I am Confused that is a regex with a leading and trailing wildcard you will certainly get other results with that string in the middle a term search would look like this and be an exact case insensitive search

"term": {
                "make": "NX19FUP",
                "case-insensitive" : "true"
              }

What I'm trying to do is build a generic search box on my website where the user can type in ford focus for example or the reg of a vehicle in this case NX19FUP

What i then do is i split the words in the sentence so ford focus becomes and array of ['ford', 'focus'] then search for those terms across a number of fields

I use the wildcard at the start and the ned to allow partial matches

So if a user searches for ford then i would want it to match all of these:

  • ford
  • abcford
  • abcfordadas

But also if a user searches for something like a reg which is unique in our system then when searching NX19FUP for example, it should only ever find it in the registration field, none of the other fields it searches would contain the text NX19FUP with anything before or after, even if it does a wildcard before and after

Not sure if there is a way to see why elastic thinks it's found a match for NX19FUP on the other fields?

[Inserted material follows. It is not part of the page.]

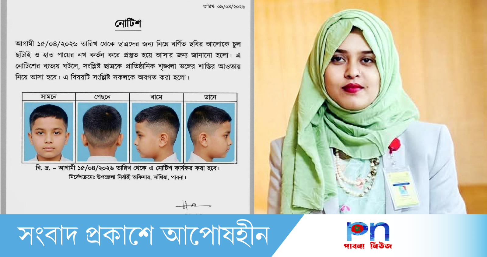 জানা যায়, গত (০৯ এপ্রিল) বৃহস্পতিবার সাঁথিয়ায় উপজেলা পরিষদ উচ্চ বিদ্যালয়ে নির্ধারিত মডেলের বাইরে চুল কাটলে শিক্ষার্থীদের বিরুদ্ধে কঠোর শাস্তিমূলক ব্যবস্থা নেওয়া হবে উল্লেখ করে বিদ্যালয়ের বিভিন্ন জায়গায় নোটিশ টাঙিয়ে দেয় কর্তৃপক্ষ। ওই নোটিশে স্পষ্ট উল্লেখ করা হয়, আগামী ১৫ এপ্রিল থেকে শিক্ষার্থীদের নোটিশে প্রদর্শিত ছবির আদলে চুল ছেঁটে এবং হাত-পায়ের নখ কেটে বিদ্যালয়ে আসতে হবে। নোটিশে চারদিক থেকে তোলা একটি শিশুর চুলের কাটিংয়ের ছবি যুক্ত করে দেওয়া হয়েছে, যা অনেকটা 'আর্মি কাট' সদৃশ।
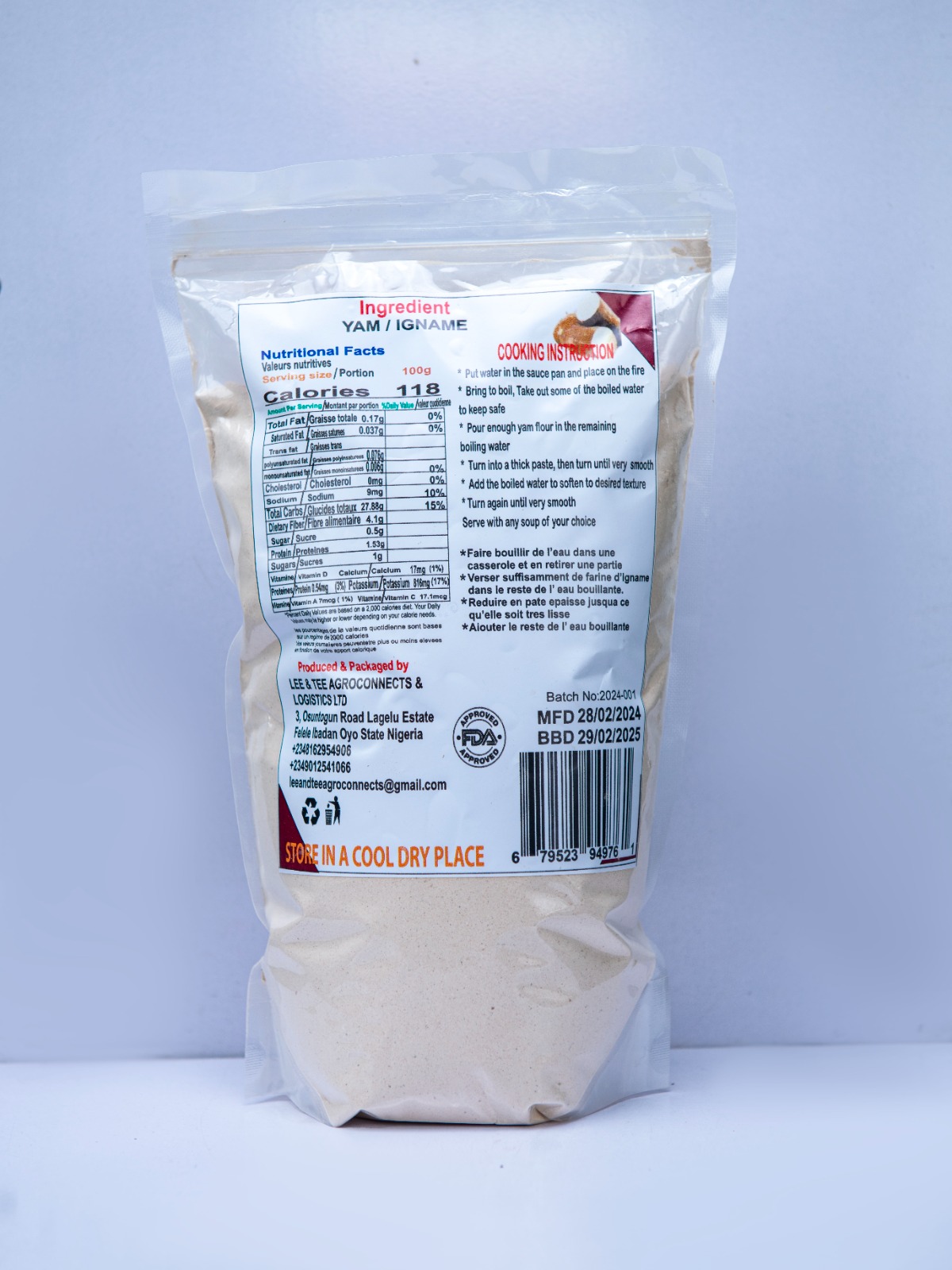 Lee & Tee Yam Flour is derived from premium grade, 100% ‘male’ yam tubers harvested from Nigeria. It is a versatile and easy to prepare meal, noted for its rich energy. After preparation, just eat with soups and other vegetables, as desired. Yam Flour is a great vegetable to include in diets. It is linked to various health benefits and may boost brain health, reduce inflammation, and improve blood sugar control. As producers our objective is that the meal derived from this flour should be nutritious, nourishing and tasty. Our brand is 100% natural and FDA certified.

EDIT: Looking at the query in more detail it's because of the should in the query, we have a couple of must filters to filter for a particular customer and the status, then these regexp are in a group of should

What would be the correct way to write this query so it creates and AND/OR group?

{
  "size": 25,
  "from": 0,
  "_source": {
    "exclude": [
      "finances",
      "lists",
      "feeds"
    ]
  },
  "query": {
    "bool": {
      "filter": {
        "bool": {
          "must": [
            {
              "term": {
                "clientId": 9
              }
            },
            {
              "terms": {
                "status": [
                  "ACTIVE"
                ]
              }
            }
          ]
        }
      },
      "should": [
        {
          "regexp": {
            "make": {
              "value": ".*NX19FUP.*",
              "case_insensitive": true
            }
          }
        },
        {
          "regexp": {
            "model": {
              "value": ".*NX19FUP.*",
              "case_insensitive": true
            }
          }
        },
        {
          "regexp": {
            "registration": {
              "value": ".*NX19FUP.*",
              "case_insensitive": true
            }
          }
        },
        {
          "regexp": {
            "colourBase": {
              "value": ".*NX19FUP.*",
              "case_insensitive": true
            }
          }
        },
        {
          "regexp": {
            "colourManufacturer": {
              "value": ".*NX19FUP.*",
              "case_insensitive": true
            }
          }
        },
        {
          "regexp": {
            "variant": {
              "value": ".*NX19FUP.*",
              "case_insensitive": true
            }
          }
        },
        {
          "regexp": {
            "transmission": {
              "value": ".*NX19FUP.*",
              "case_insensitive": true
            }
          }
        },
        {
          "regexp": {
            "series": {
              "value": ".*NX19FUP.*",
              "case_insensitive": true
            }
          }
        }
      ]
    }
  }
}

(in sql it would be like this)

AND (make LIKE =%{query}% OR model LIKE '%{query}% OR registration LIKE '%{query}%')

So any one of the regex queries should return a result

EDIT 2: I've added a "minimum_should_match": 1 which seems to work, is this the best way of doing it?

This topic was automatically closed 28 days after the last reply. New replies are no longer allowed.